Suppose $X$ is a normal random variable with mean 0, and variance $\sigma^2$. $F(x)$ is the CDF(cumulative distribution function) of a standard normal random variable(mean 0 and variable 1), how to calculate the expectation of $ F(X+a)$, where $ a>0 $.

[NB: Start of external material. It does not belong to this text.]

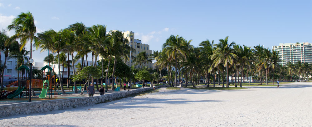 We lopen weer via het park bij Ocean Drive richting ons appartement. Dan hebben we nog even de tijd om ons op te frissen en om te kleden voor vanavond.

This was a quant interview question. I know how to calculate the expectation of F(X), i.e when $a=0$, but I have no idea when $a \neq 0$.
My solution for $a=0$:
Method 1: Since F(x) is the CDF of a normal random variable with mean 0, and variance $\sigma^2$. We will have F(x)=1-F(-x). Suppose that f(x) is the corresponding pdf, and f(x)=f(-x). Then \begin{align} \mathbb{E}[F(X)]&=\int_{-\inf}^{+\inf} F(s)f(s)ds\\ &=\int_{-\inf}^{+\inf} (1-F(-s))f(s)ds\\ &=1-\int_{-\inf}^{+\inf} F(-s)f(s)ds\\ &=1-\int_{-\inf}^{+\inf} F(m)f(m)dm \end{align} Hence we have $$ \int_{-\inf}^{+\inf} F(s)f(s)ds=\frac{1}{2}$$
Method 2(This method seems it didn't require that X is normal random variable): Let's first compute the distribution for $F(X)$: \begin{align} \mathbb{P}\{F(X) \leq y\}&=\mathbb{P}\{X \leq F^{-1}(y)\}\\ &=F\cdot F^{-1}(y)=y \end{align} So $F(X)$ is uniformly distributed, hence the mean is $\frac{1}{2}$.